SOURCE DATA:
= Beginning of Section =
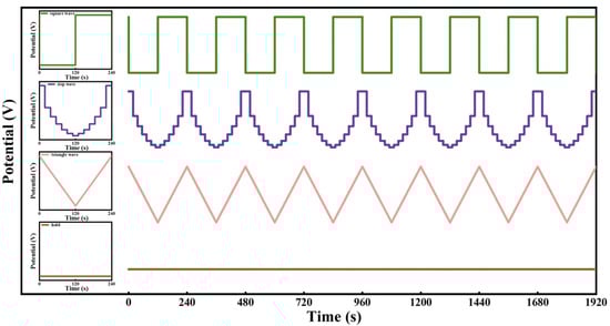In this study, the input voltage simulated the characteristics of solar power generation to obtain the T-I curve. The input voltage waves were square, step, triangle, and hold, and the voltage period was 240 s, as shown in Figure 11. The square-wave voltage was operated at a negative voltage (VHER) for 120 s. In the step-wave voltage, the 240 s period was divided into 13 equal parts, and for each of those, we operated at a different voltage. The triangle-wave voltage was reduced from 0 V to VHER in 120 s at a constant rate, and it was increased to 0 V in 120 s at the same rate. The holding voltage operated at a negative voltage (VHER).
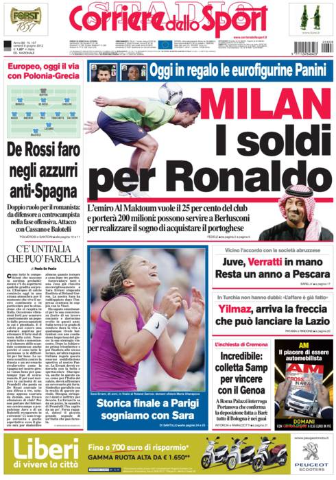 CORRIERE MILAN RONALDO – Lo sceicco Al Maktoum vuole il 25% del club rossonero ed è pronto a comprare Ronaldo.
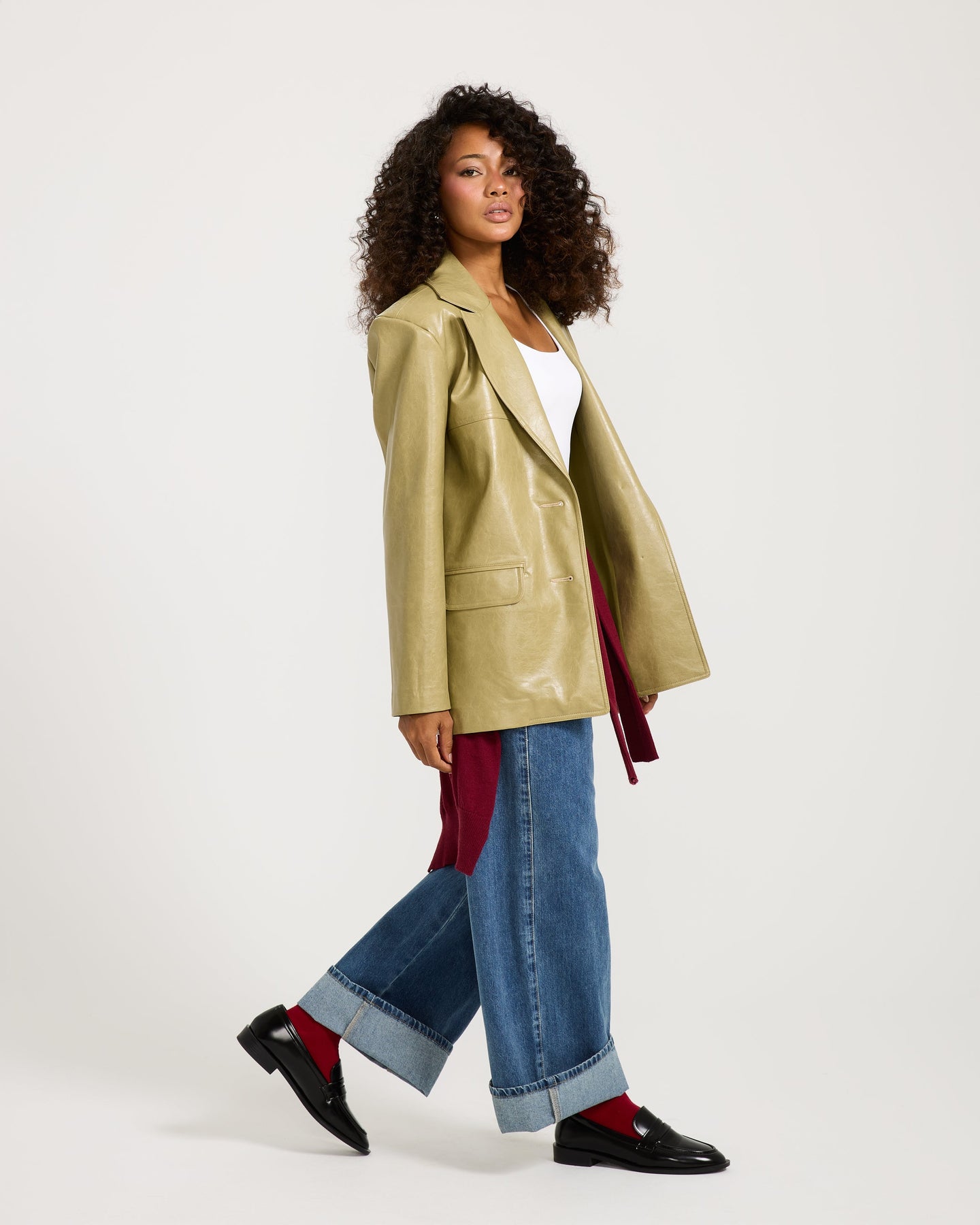 This olive leather blazer boasts a sleek, structured fit with a smooth finish, adding a bold yet polished touch to any outfit.
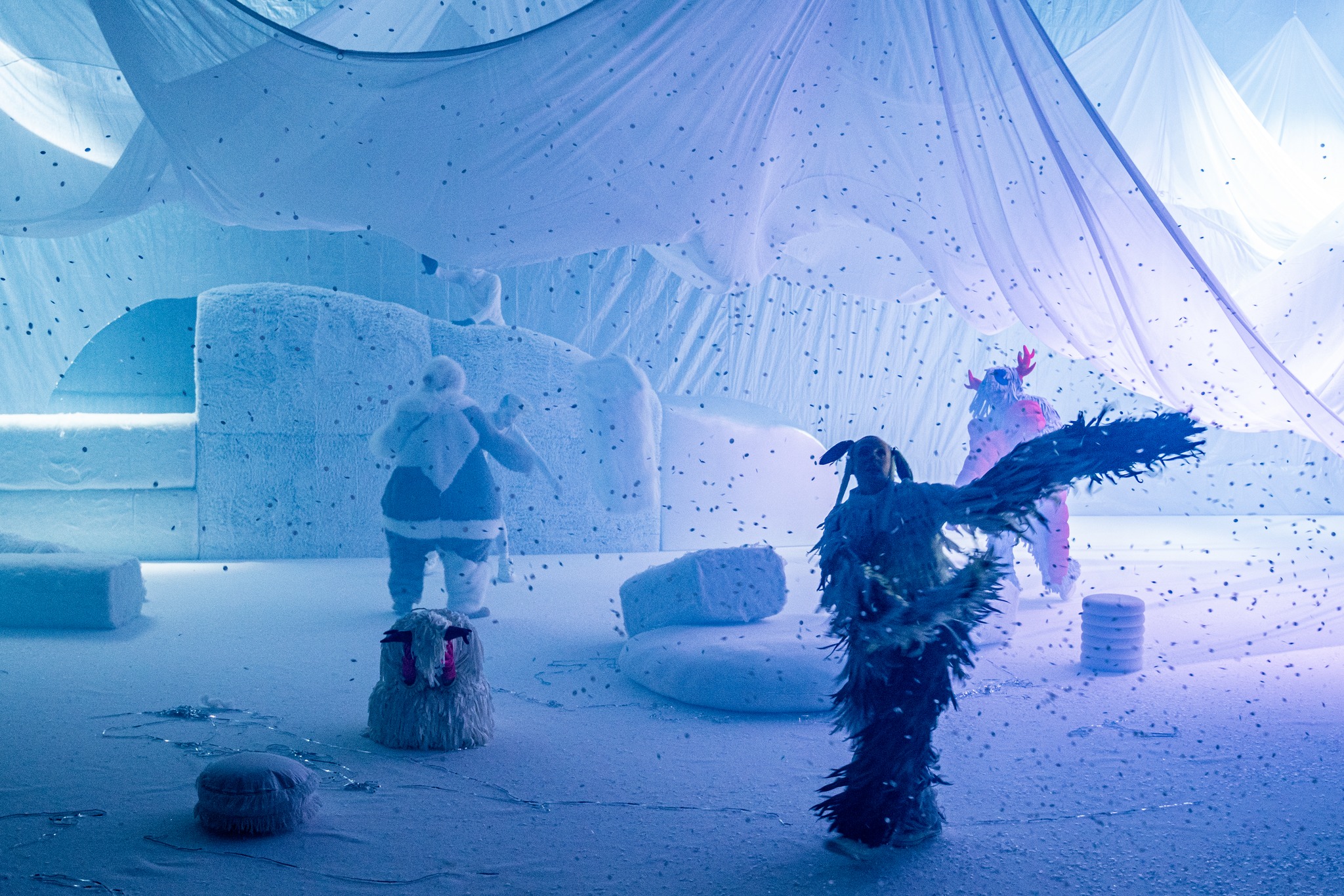 Przykuwająca uwagę scenografia harmonijnie współgra z dopracowanymi kostiumami autorstwa Marty Kodeniec. Podziwiamy frędzle i puchate tkaniny, pod którymi skrywają się Piotr Polak i Ewelina Pankowska jako rodzina Yetich, Bartosz Bielenia w roli Psa i Jan Sobolewski kreujący rolę Kawii, a także przylegające do ciała materiały, które podkreślają choreografię zwinnych i płynnych ruchów Wążusi (Krystyna Lama Szydłowska) oraz Kota (Igor Shugaleev).
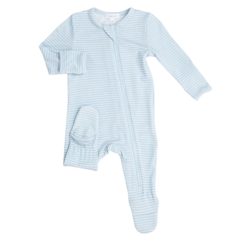Simple Blue Striped Zipper Footie NB
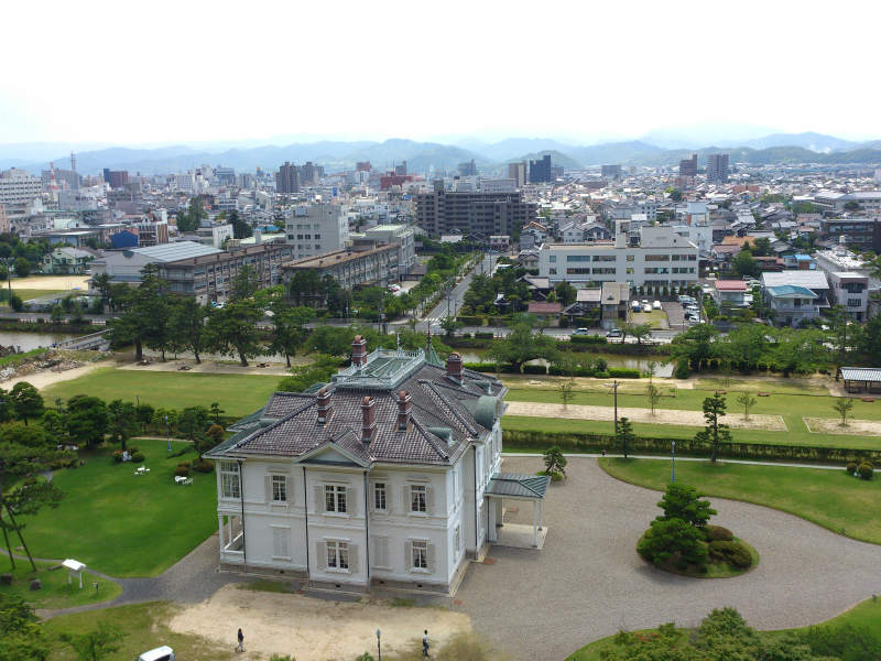 石垣の上からは鳥取中心部が良く見えます。手前に見えている洋館は仁風館です。こちらは有料で150円です。大正天皇が皇太子時代に鳥取に行幸された時に、宿所として建築されました。3泊4日の滞在に、当時の鳥取県の年間予算と、ほぼ同額で建築されました。こちらも是非どうぞ。
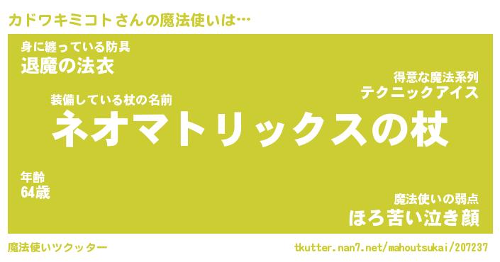 | 肩書あだ名 | 『カドワキミコト社長』 |
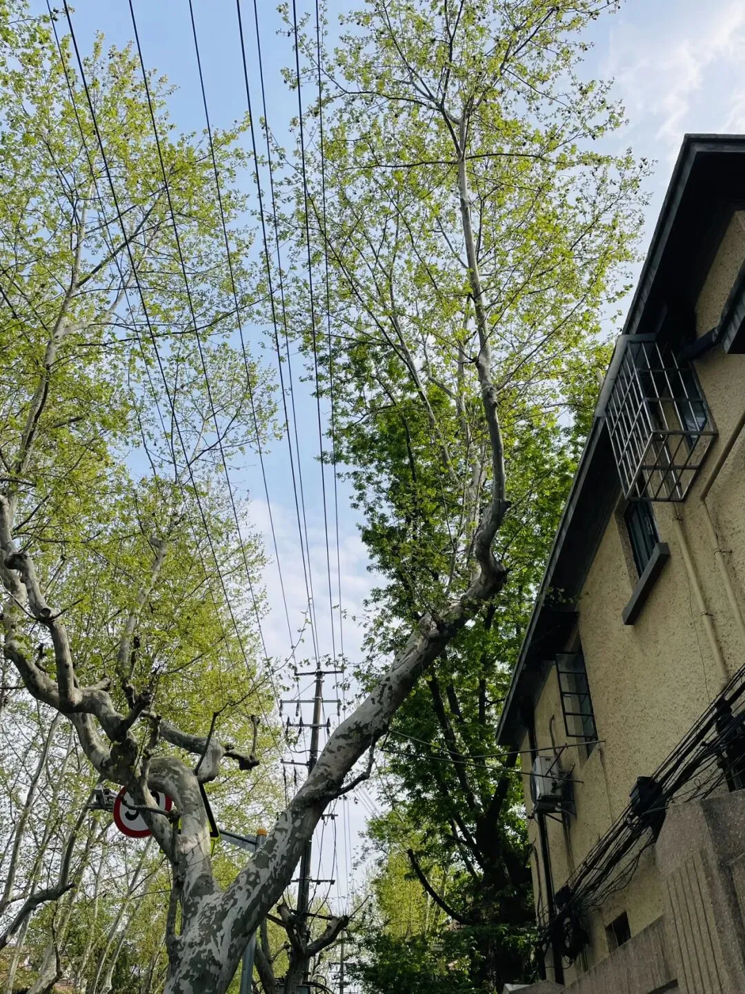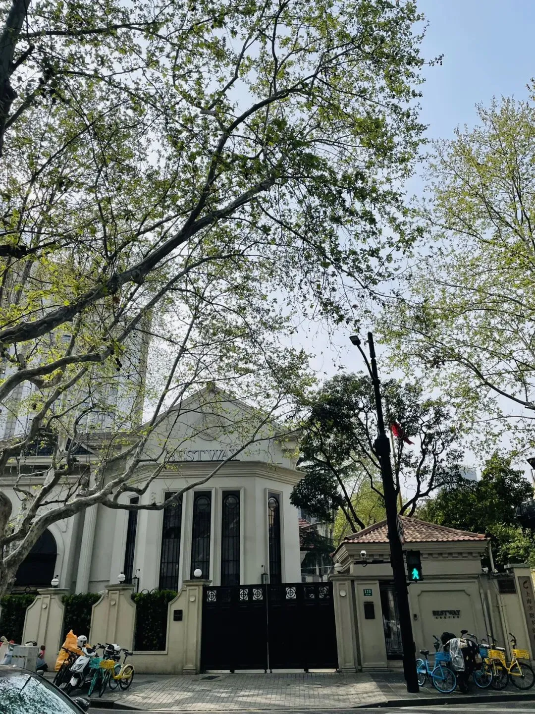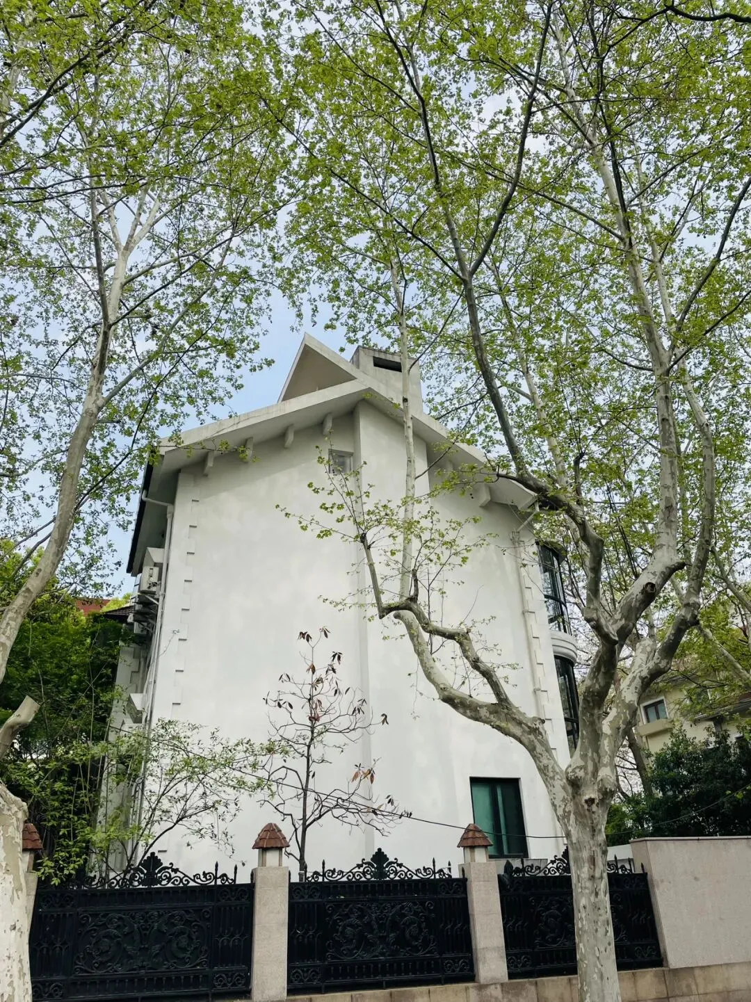 白墙配着绿色的梧桐叶,宁静而优雅,述说着老上海的韵味。
= End of Section =
TASK INSTRUCTIONS: From the first line to the last, print the records exactly; leave out the pictures.

WRITTEN RESPONSE:
In this study, the input voltage simulated the characteristics of solar power generation to obtain the T-I curve. The input voltage waves were square, step, triangle, and hold, and the voltage period was 240 s, as shown in Figure 11. The square-wave voltage was operated at a negative voltage (VHER) for 120 s. In the step-wave voltage, the 240 s period was divided into 13 equal parts, and for each of those, we operated at a different voltage. The triangle-wave voltage was reduced from 0 V to VHER in 120 s at a constant rate, and it was increased to 0 V in 120 s at the same rate. The holding voltage operated at a negative voltage (VHER).
 CORRIERE MILAN RONALDO – Lo sceicco Al Maktoum vuole il 25% del club rossonero ed è pronto a comprare Ronaldo.
 This olive leather blazer boasts a sleek, structured fit with a smooth finish, adding a bold yet polished touch to any outfit.
 Przykuwająca uwagę scenografia harmonijnie współgra z dopracowanymi kostiumami autorstwa Marty Kodeniec. Podziwiamy frędzle i puchate tkaniny, pod którymi skrywają się Piotr Polak i Ewelina Pankowska jako rodzina Yetich, Bartosz Bielenia w roli Psa i Jan Sobolewski kreujący rolę Kawii, a także przylegające do ciała materiały, które podkreślają choreografię zwinnych i płynnych ruchów Wążusi (Krystyna Lama Szydłowska) oraz Kota (Igor Shugaleev).
Simple Blue Striped Zipper Footie NB
 石垣の上からは鳥取中心部が良く見えます。手前に見えている洋館は仁風館です。こちらは有料で150円です。大正天皇が皇太子時代に鳥取に行幸された時に、宿所として建築されました。3泊4日の滞在に、当時の鳥取県の年間予算と、ほぼ同額で建築されました。こちらも是非どうぞ。
 | 肩書あだ名 | 『カドワキミコト社長』 |
 白墙配着绿色的梧桐叶,宁静而优雅,述说着老上海的韵味。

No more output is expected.